• _Task brief_: Down to the last word, output the records below, skipping any images.

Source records
####################

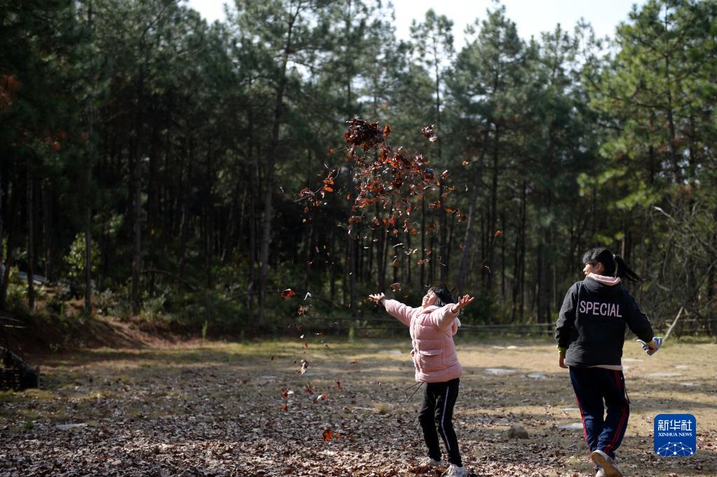1月19日,小朋友在大元村玩耍。新华社记者 陈振海 摄
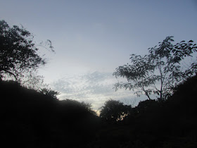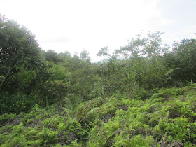早茶後乘小巴往鹿頸,沿沉悶的海邊紅樹林步道往谷埔。在沒有人類干擾的一天,牛群都在荒田裡悠閒的覓食,白鷺也光臨田野中,與比自身大得多的物種一起和平共處。事實上,不少郊遊地方及遠足徑本屬大自然,人類才是外來物種。穿過村腹,沿荔谷古道上分水坳,在分水坳遇上一群玩爬山單車的遊人。在此轉入指示牌沒有指示的路,在小徑穿插上走一會,就到個小山崗,那是往尖光峒與老虎石頂的分支,仍是遍地垃圾,有的已「融入」大自然中,亦有一些較新的垃圾,真的不明白為何遊人愛在那裡亂棄垃圾,似乎是「破窗理論」的一個好教材。
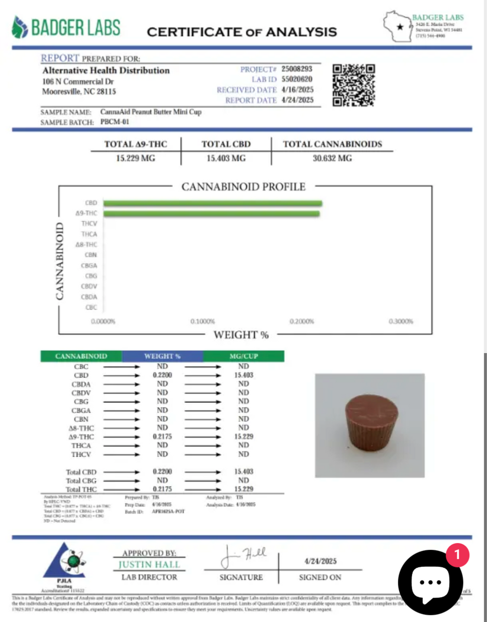 Ingredients: Sugar, Cocoa butter, whole milk powder, chocolate liquor, nonfat dry milk, peanuts, milk fat, organic & sustainably sourced palm stearin, full spectrum hemp extract, sunflower lecithin, natural vanilla extract.
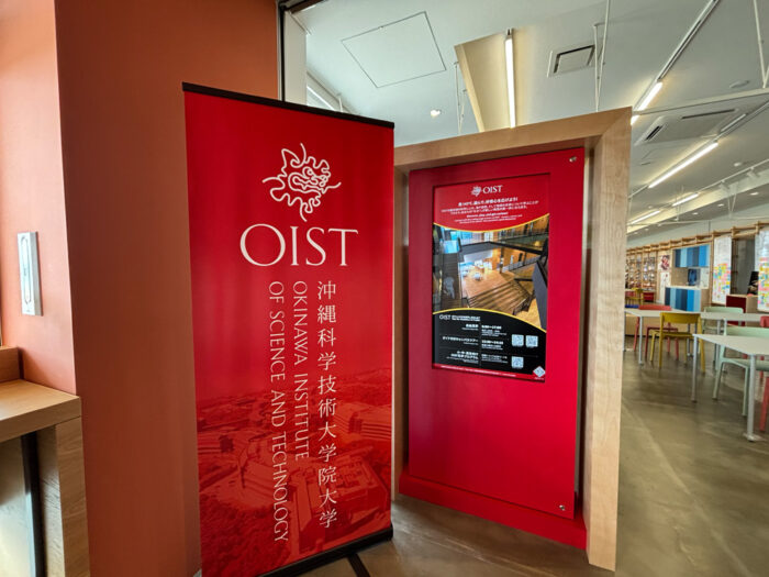 「OISTサイエンススタジオ」が設置されています。OIST(沖縄科学技術大学院大学/恩納村)の研究を紹介する展示やセミナー、交流イベントなど科学を身近に感じられるような目的で、村内外だれでも利用可能です。
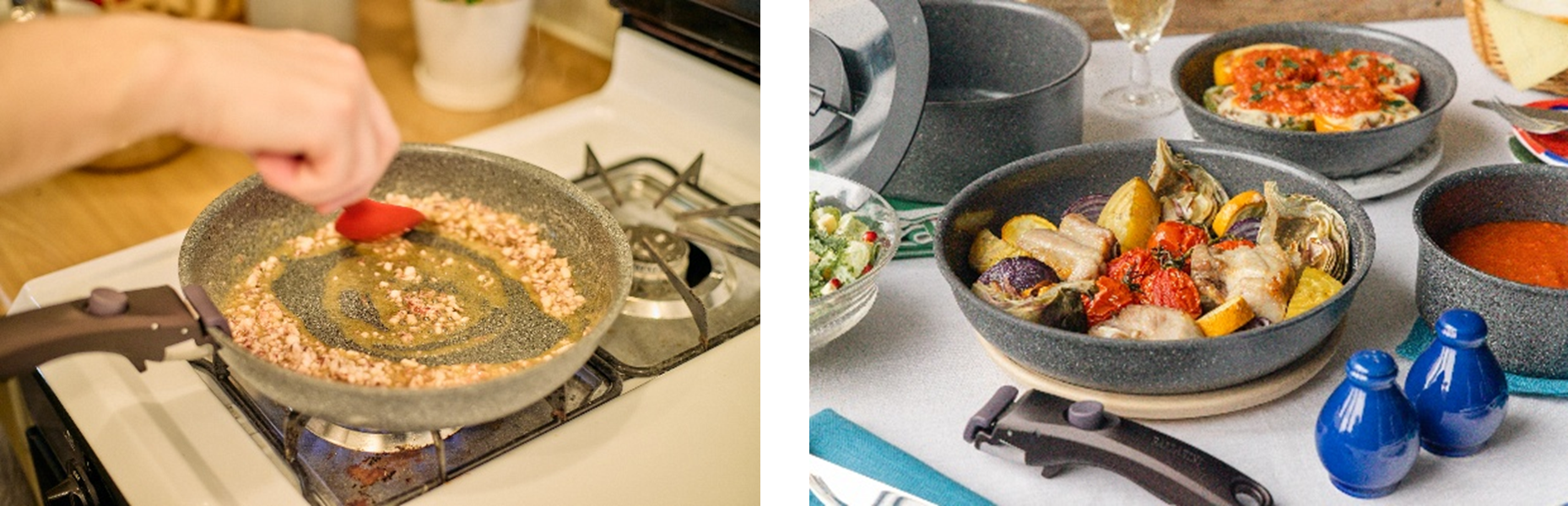 さらに、オーブン調理にも対応しているため、グラタンなどのお料理はもちろん、ソースパンが加わったことで、ケーキなどのお菓子作りにも活躍します。料理の幅が広がり、毎日のキッチンがもっと楽しくなります。

####################

• _Reply_:
1月19日,小朋友在大元村玩耍。新华社记者 陈振海 摄
早茶後乘小巴往鹿頸,沿沉悶的海邊紅樹林步道往谷埔。在沒有人類干擾的一天,牛群都在荒田裡悠閒的覓食,白鷺也光臨田野中,與比自身大得多的物種一起和平共處。事實上,不少郊遊地方及遠足徑本屬大自然,人類才是外來物種。穿過村腹,沿荔谷古道上分水坳,在分水坳遇上一群玩爬山單車的遊人。在此轉入指示牌沒有指示的路,在小徑穿插上走一會,就到個小山崗,那是往尖光峒與老虎石頂的分支,仍是遍地垃圾,有的已「融入」大自然中,亦有一些較新的垃圾,真的不明白為何遊人愛在那裡亂棄垃圾,似乎是「破窗理論」的一個好教材。
 Ingredients: Sugar, Cocoa butter, whole milk powder, chocolate liquor, nonfat dry milk, peanuts, milk fat, organic & sustainably sourced palm stearin, full spectrum hemp extract, sunflower lecithin, natural vanilla extract.
 「OISTサイエンススタジオ」が設置されています。OIST(沖縄科学技術大学院大学/恩納村)の研究を紹介する展示やセミナー、交流イベントなど科学を身近に感じられるような目的で、村内外だれでも利用可能です。
 さらに、オーブン調理にも対応しているため、グラタンなどのお料理はもちろん、ソースパンが加わったことで、ケーキなどのお菓子作りにも活躍します。料理の幅が広がり、毎日のキッチンがもっと楽しくなります。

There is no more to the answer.